Montressor

Chris Hill

Forty miles from Highpoint, past the Spine, up the edge of the Badlands. On a map, the old Goldrush Road looks nice, a little stripe of colour on the page. Not so nice in the real.

Flatland, but high up, meaning the sun can get good work on it. No creeks or rock tanks, no sir, not here. Huffing dust, so I’m glad of my beard. Gonna be a dry trek.

Lost sight of the rail tracks about half a mile back. No idea how I done it, but here I am, with nothing but cracked ground, scrub grass and cactuses. Might be a buzzard about, but I can’t see none.

Folks called me Clem, back in Highpoint. Clem Upstairs, that was me. Labourer, house builder, well digger, timber jack, roofer, all me. I go where the pay is. I go where the liquor’s sweet.

No place in Highpoint, no, not no more.

Clem Upstairs. S’not a bad name, but it’s not me now. Not sure who I’ll be next. Got time to think, though. Two days at least before I see my new home.

New Freiburg.

A place where a man can hide.

Old German settled there, back before the trouble started, then some mad lotta Dutch joined him, wanted a place away from the fighting. Back in Highpoint, I heard new settlers are heading that way. That means work.

Walk another hour. Hot air, thick in my throat. Canteen lighter with each sip. Water skin in my bag, but not yet, not ready to touch that. I’ve enough for three days. That’s all I should need.

Flies come to taste my sweat. I don’t bother swatting anymore.

My lucky day. The earth and scrub grass gets all pink with clay and chalk, and then opens up like a lady’s legs. The Long Crack. Me and my map thought I was too far west to hit it, but this, this is good. The Crack runs deep, a gully that ploughs into the heart of the Badlands, narrow at first, then wider in places.

Should be cooler, but it isn’t. That red clay and white chalk smear everything pink. The grasses and trees carve themselves little homes in small patches of black dirt. Snakes hunt rats in the holes in the walls, and thin rabbits burrow in scree.

Cold night that first night, no fire, just blankets and my pack to keep me.

Dawn makes the chalk and clay walls griddle-hot. Each step makes me dirtier, more of that dusty pink, so after my first hour of travel I’m covered, head to heel.
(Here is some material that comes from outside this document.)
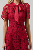 The Abilene Bow Crochet Mini Dress will have you ready for any special occasion. An adorable bow around the neck frames short pleated sleeves. The princess style skirt makes it fun and it back has an invisible zipper. Wear it with cute bow strappy heels to match your look.

Didn’t expect it to be so long. Didn’t expect it to get so big. Could run from side to side if I had a mind to. Walls getting taller, or the floor getting lower.

Canteen getting empty.

I spy a buzzard sitting on the ruined branch of another Montressor tree. Had I the time I might cut that tree down—its trunk ain’t no thicker than my wrist—for an evening fire. But no. No time. Time is water here, time is sweat.

I keep on.

Walking down the Long Crack, my boots crushing chalk, the flies drinking down my sweat.

Midday.

Sun riding high.

Nothing moves in the heat. Not even the air.

Hot chalk on my sunburnt back, sucking up sweat. The price of shade.

Only a mouthful of water in the canteen. I refill it from the waterskin. Too much gone already. Must be slow with it.

Head hurts. Throat, dried by heat.

The walls here are high, sure can’t climb out.

I shake my head, trying to clear it.

Time to go, got to make up lost time. Time is water.

A stink. A stink, but where? Smells like, smells like, hell, I don’t know, something wrong, that’s for sure.

On my feet, I follow the path, and that smell gets worse as I go. Meat gone bad, that’s it. Meat spoiled, and fried by the sun.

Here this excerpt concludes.